Material for the task:
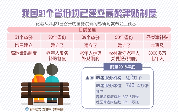 新華社北京2月21日電(記者羅爭光)記者從21日召開的國務(wù)院新聞辦新聞發(fā)布會上獲悉,目前全國31個省份均已建立高齡津貼制度。與此同時,有30個省份建立了老年人服務(wù)補貼制度,29個省份建立了老年人護理補貼制度,29個省份建立了農(nóng)村留守老年人關(guān)愛服務(wù)制度,各類津補貼共惠及3000多萬老年人。
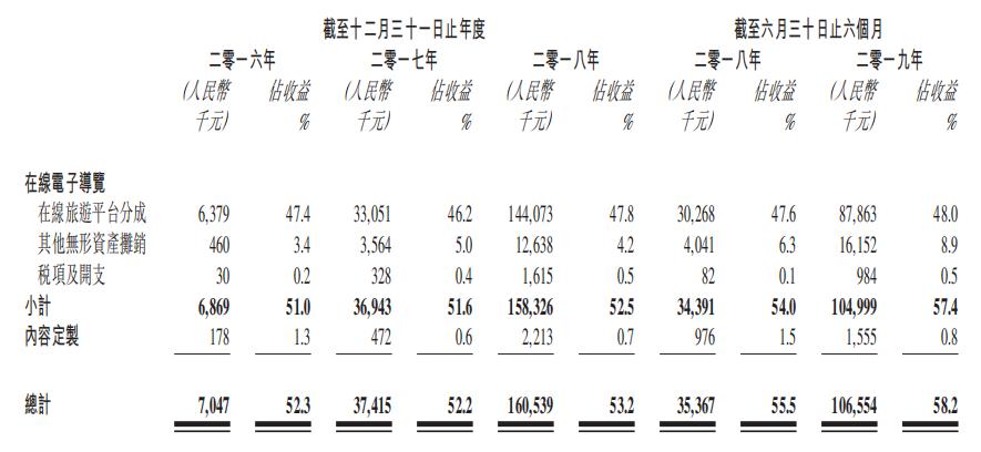 所谓电子导览业务,与其说是科技业务,倒不如说是旅游产品的内容提供者。招股书显示,从2016年至2019上半年,驴迹科技的所有雇员中,人数占比最高的一直都是内容制作团队,这主要是因为公司近些年一直都在拓宽全国景区的覆盖,景区数量由2016年的527个增长至2019年上半年的8304个。
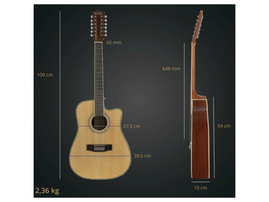 Rocktile WSD12-50C se vyznačuje plným, třpytivým zvukem. 12 strun generuje přirozené alikvotní tóny a široký, objemný tón, který je ideální pro zpěváky a skladatele, doprovod nebo studiovou práci. Díky snadné hratelnosti zůstává pocit ze hry pohodlný a přesný.
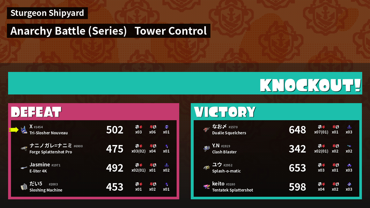 | Medals | #1 Overall Splatter #1 Turf Inker #1 Enemy Splatter | ||
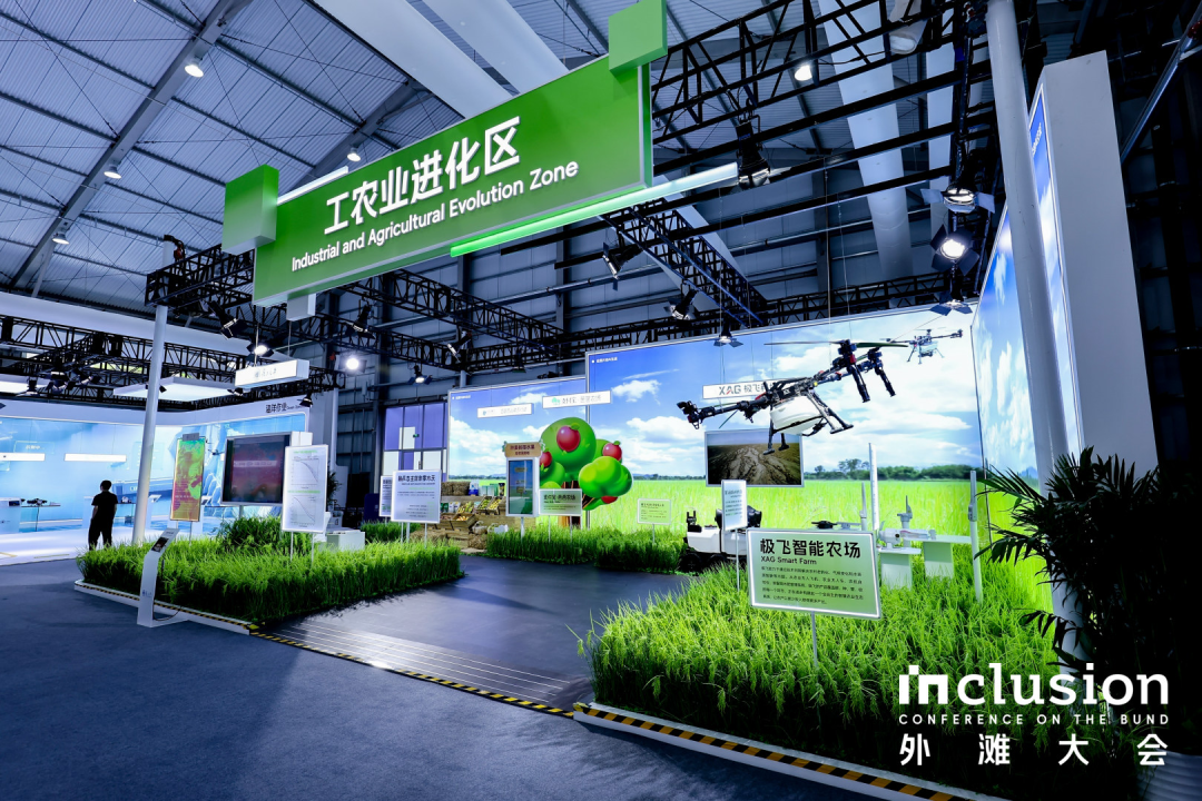 本届外滩大会展区涵盖“探索智能上限”“深入产业实践”“全球创新协作”三大主线,覆盖 LLM、通用人工智能、具身智能、AI+健康/出行/金融等多个前沿领域。极飞所在的展区,正是 AI 与农业深度融合的生动例证。

Work required: Go to the line containing "所谓电子导览业务,与其说是科", then write out word for word every line from there to the end of the listing. Keep both end lines and drop the pictures.

Result:
 所谓电子导览业务,与其说是科技业务,倒不如说是旅游产品的内容提供者。招股书显示,从2016年至2019上半年,驴迹科技的所有雇员中,人数占比最高的一直都是内容制作团队,这主要是因为公司近些年一直都在拓宽全国景区的覆盖,景区数量由2016年的527个增长至2019年上半年的8304个。
 Rocktile WSD12-50C se vyznačuje plným, třpytivým zvukem. 12 strun generuje přirozené alikvotní tóny a široký, objemný tón, který je ideální pro zpěváky a skladatele, doprovod nebo studiovou práci. Díky snadné hratelnosti zůstává pocit ze hry pohodlný a přesný.
 | Medals | #1 Overall Splatter #1 Turf Inker #1 Enemy Splatter | ||
 本届外滩大会展区涵盖“探索智能上限”“深入产业实践”“全球创新协作”三大主线,覆盖 LLM、通用人工智能、具身智能、AI+健康/出行/金融等多个前沿领域。极飞所在的展区,正是 AI 与农业深度融合的生动例证。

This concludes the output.